Guerras tarifárias, prosperidade e paz
A guerra de tarifas aduaneiras que os EUA de Donald Trump têm despoletado contra uma série de parceiros comerciais tem por base o argumento do reequilíbrio da balança comercial norte-americana que tem estado deficitária face a alguns desses parceiros. Outro argumento poderosíssimo apresentado pela administração Trump é mais emocional e identitário – castigar os “outros” para proteger os “nossos”, mais concretamente, proteger as empresas e os empregos dos americanos.
Em contra corrente, a ciência
económica olha para o déficit comercial norte-americano de outro prisma. No
caso dos EUA, para além dos níveis de consumo elevados, o déficit é sobretudo
produto da sua vibrante economia (sustentada por alta produtividade e pouca
regulação) que atrai investimento estrangeiro. As entradas massivas de capitais
estrangeiros contribuem também para tornar o dólar a reserva de valor global
por excelência. Assim se percebe que o valor dos bens importados seja mais
barato do que o dos bens exportados, gerando um déficit.
Há décadas que a economia
americana é favorita dos investidores à custa duma balança comercial
deficitária; e as atuais perdas que se registam nos mercados de capitais
americanos são a primeira consequência da mudança brusca de política comercial.

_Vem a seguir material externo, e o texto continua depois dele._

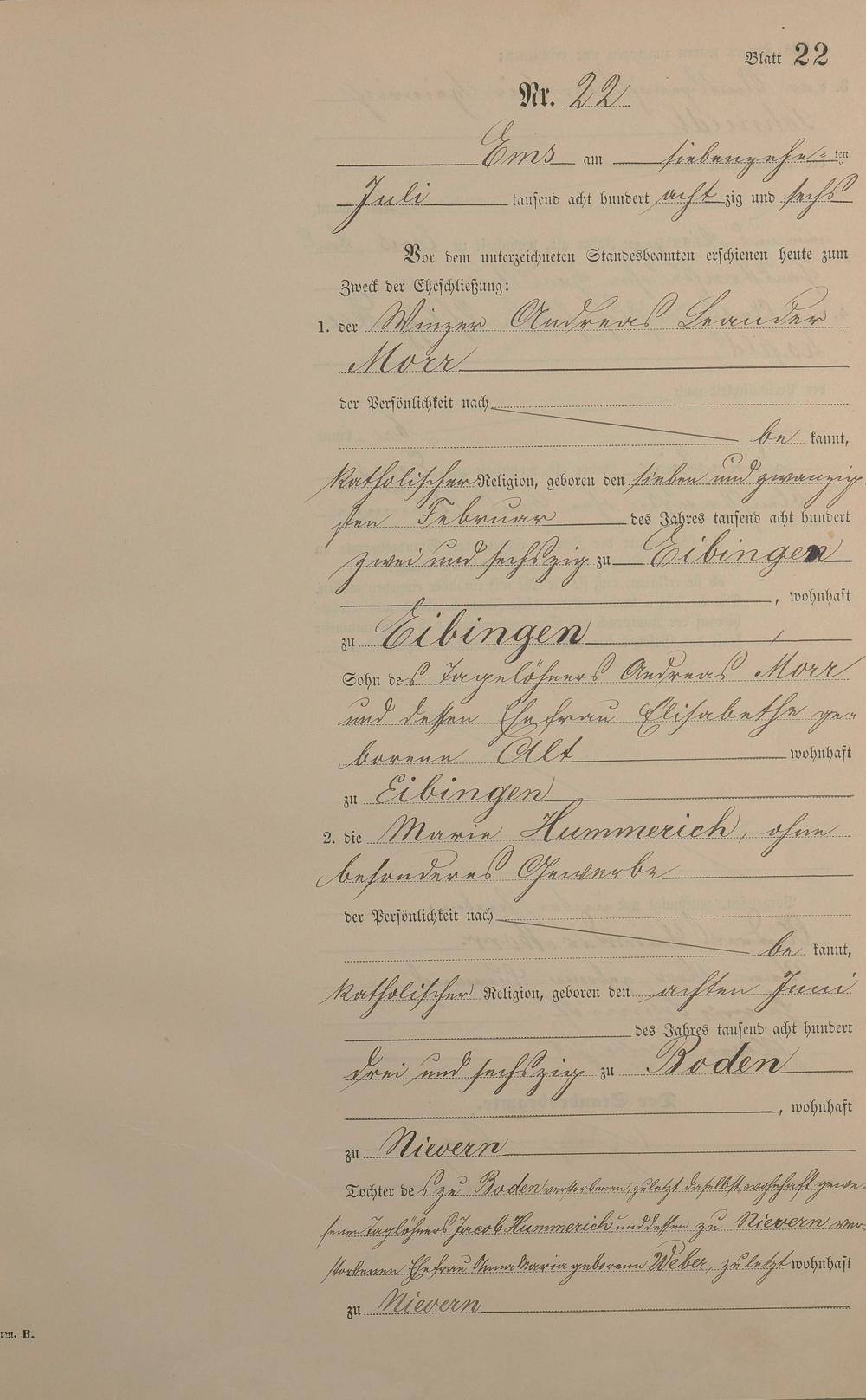 Heiratsregister 1886
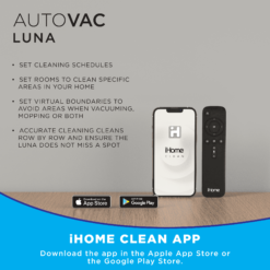 - Connected Convenience – Connect Luna to Wi-Fi for voice and app control when you want it. Use the iHome Clean App to manage Luna from anywhere and connect to Alexa or Google Assistant to control your AutoVac by voice.
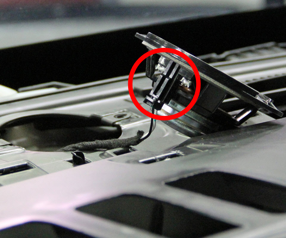 - Release the screws (x2) that secure the center speaker to the IP carrier (torque 2.3 Nm), but do not fully remove the speaker at this time.
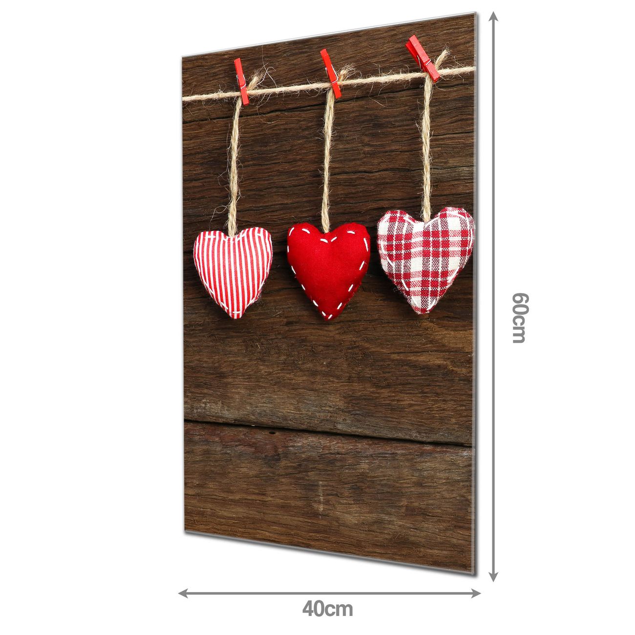 Material: 4mm Sicherheitsglas mit Metallrückwand Eigenschaften: beschreibbar, magnetisch, kratzfest Maße: 40x60x0,6cm, 3,60 kg schwer Motiv Nummer 12126 Kleine Herzen Zubehör: inklusive 4 Neodym-Magnete
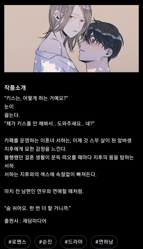 사람은 첫인상이라고 하지만 만화가 아니다. 하지점을 한마디로 표현하면 어른을 위한 19금이라고 말하고 싶다. 우선 일본 만화 특유의 보호본능을 자극하는 히로인, 울보의 귀여운 얼굴이 없다. 남성용의 19금처럼 물풍선으로 축 늘어진 가슴 없음. 마지막 결정수는, 작품소개에 '뽀뽀는 어떻게 해요?' (너무 오는 건 포인트인 것 같아서, 오늘 작품소개 스샷을 찍어본다)
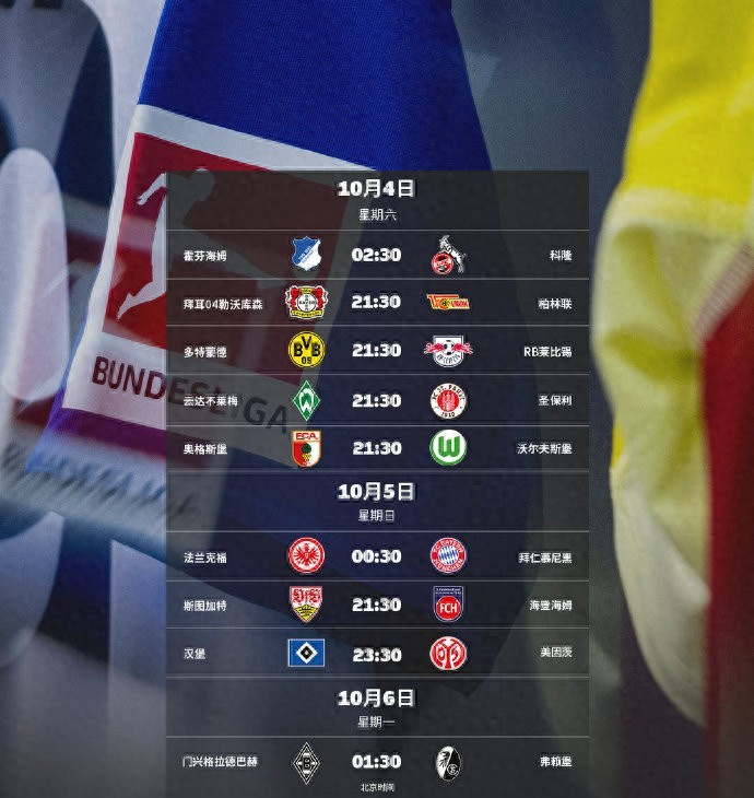 北京时间10月4日02:30至10月6日01:30,2025-2026赛季的德甲联赛第6轮的较量将在本周末正式开打。在本轮联赛中,拜仁将在客场对阵德甲攻击力排名第二的法兰克福,而多特则将是在主场迎战莱比锡,汉堡则是主场对阵美因茨。
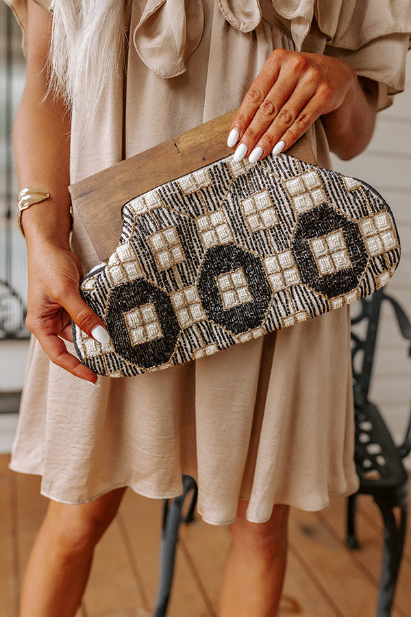 Add a fun detail to your look with this stunning clutch featuring black, gold, and white beaded detailing, a wooden closure, and a slouched fully lined silhouette with an additional inside pocket!
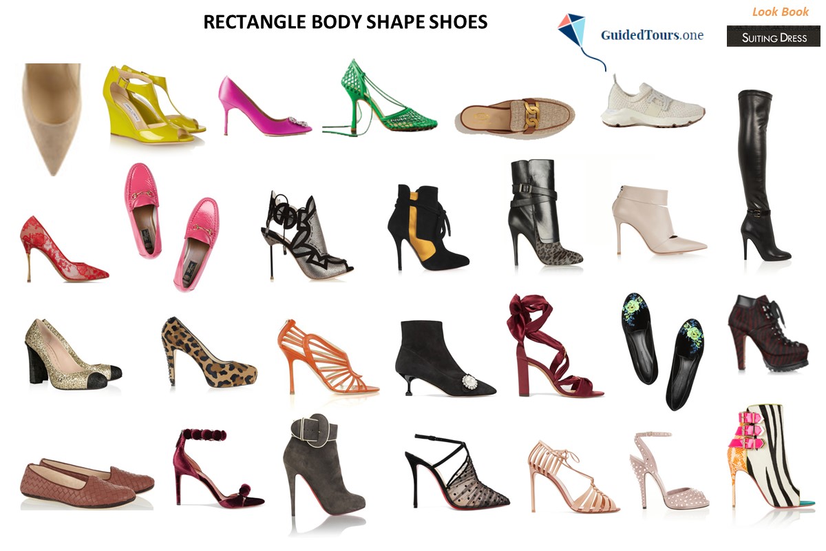 Therefore, taking into account the measurements, rectangle-shaped women can wear loafers, ballet flats, pumps, and boots of any type, but especially of any height. As your legs already have some centimetres more compared to the torso, you can easily break up the leg at the ankle with a pair of contrasting colourful and eccentric shoes, as well as ankle straps and everything that usually penalizes short legs. At the same time, you can choose pointed-toe shoes for a more sophisticated look, or round or oval-toe shoes for a more feminine appearance. Mules or slip-in shoes in low heels can give your frame that subtle volume boost without overwhelming the slender appearance of your legs. Paired with the right clothes, you can instantly achieve a more flattering upper and lower body ratio.
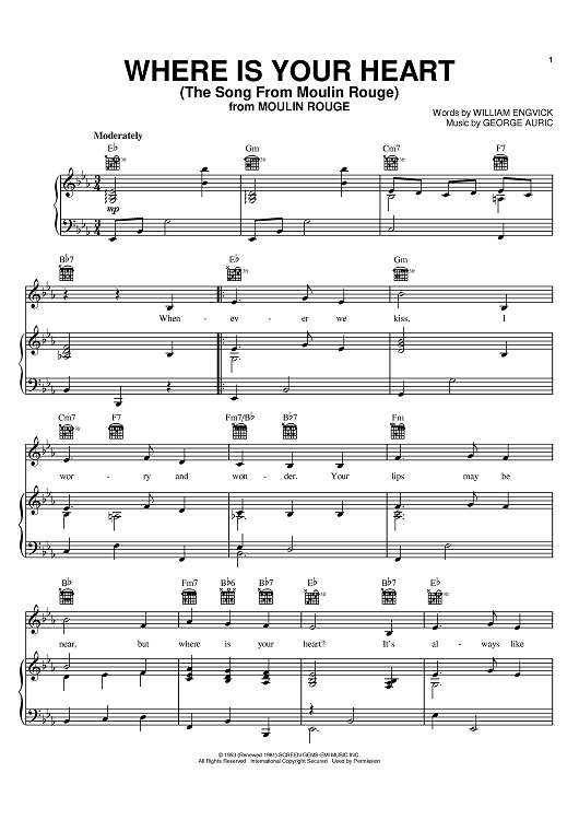 Digital Sheet Music for Where Is Your Heart by Percy Faith, Georges Auric, William Engvick scored for Piano/Vocal/Chords; id:386547
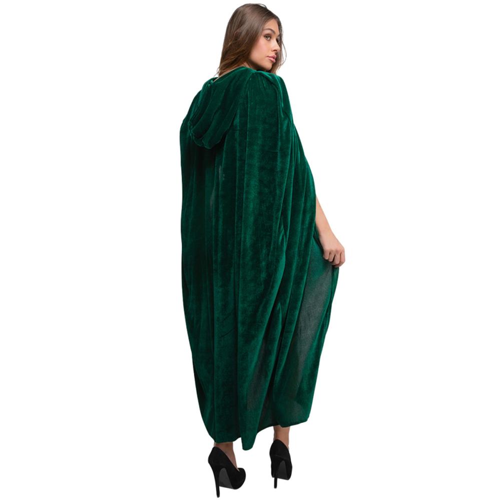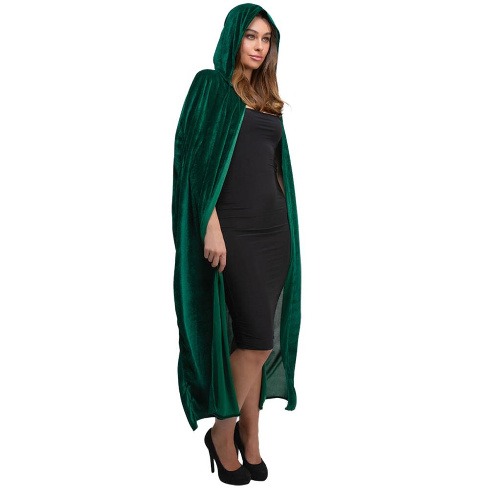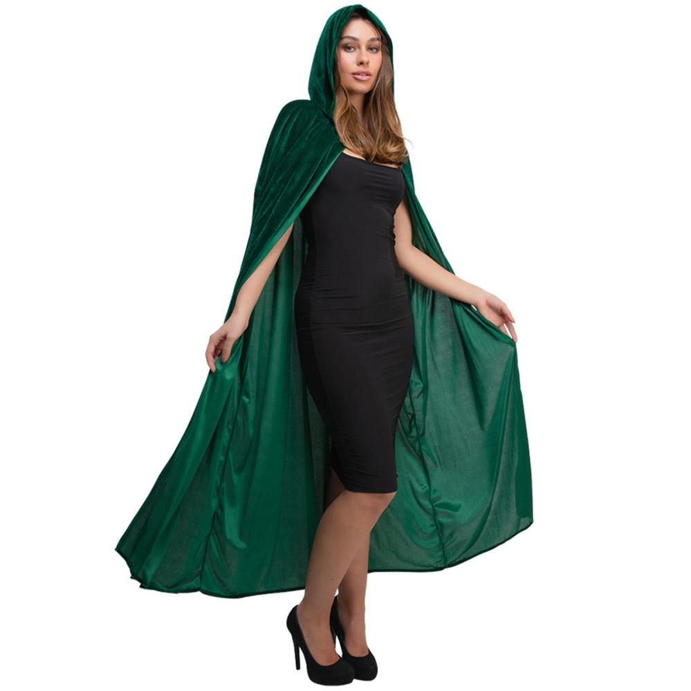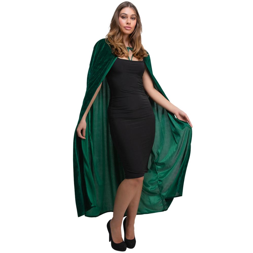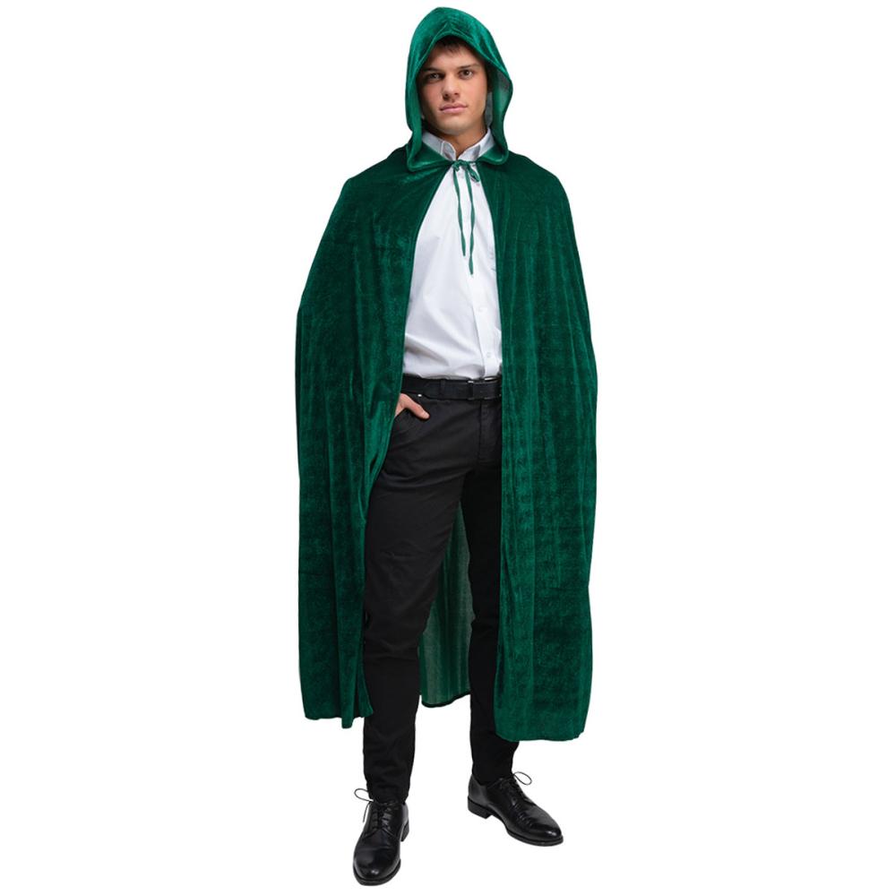 Skil dig ud fra mængden med en grøn Halloween kappe med hætte i fløjlslignende stof. En lang grøn kappe med bindebånd der passer perfekt som udklædningskappe til alt fra eventyr til gys.
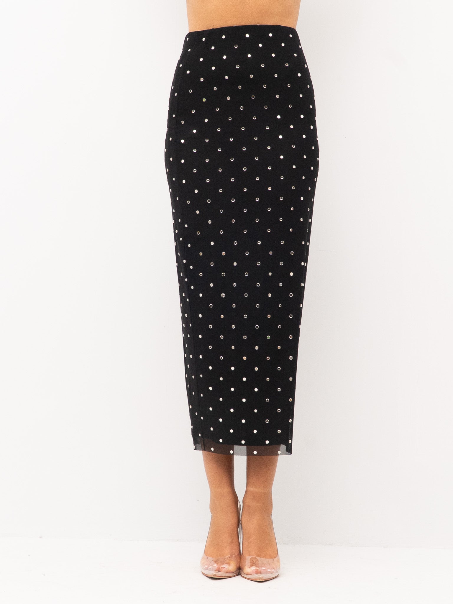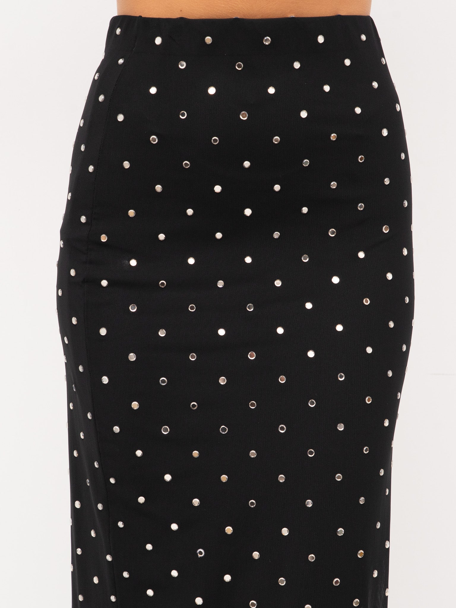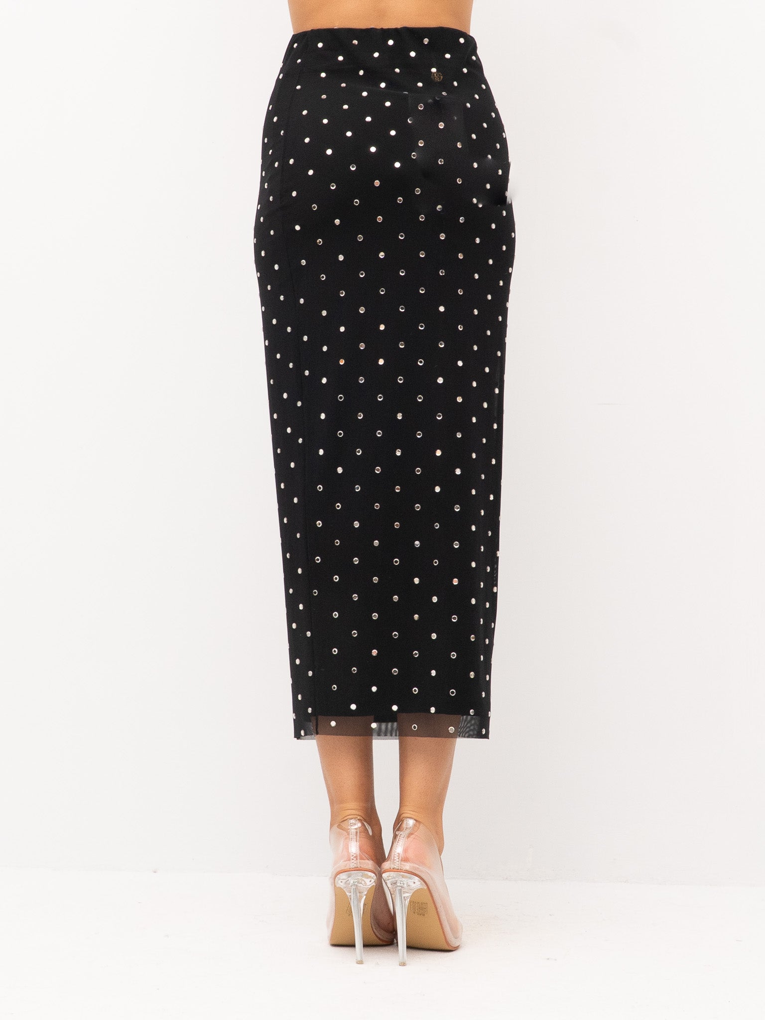 dettagli: applicazioni di micro strass su tutta la superficie, tessuto leggermente elasticizzato, cucitura posteriore con spacco sul fondo, fodera interna

Passando da perspetiva macro dos
estados para a perspetiva micro dos cidadãos, quando as importações se tornam
mais caras, via aplicação generalizada de tarifas, os consumidores terão,
obviamente, de pagar mais pelos produtos que estavam habituados a comprar. Tal
acontece não só com produtos importados, mas também com produtos nacionais que
dependem de matérias primas ou componentes externos. Existem poucas, e nocivas,
formas de o preço não aumentar para o consumidor final: ser o estado (isto é,
os próprios cidadãos) a subsidiar a economia, ou serem as empresas a cortarem a
qualidade de produtos para assegurar as margens de lucro.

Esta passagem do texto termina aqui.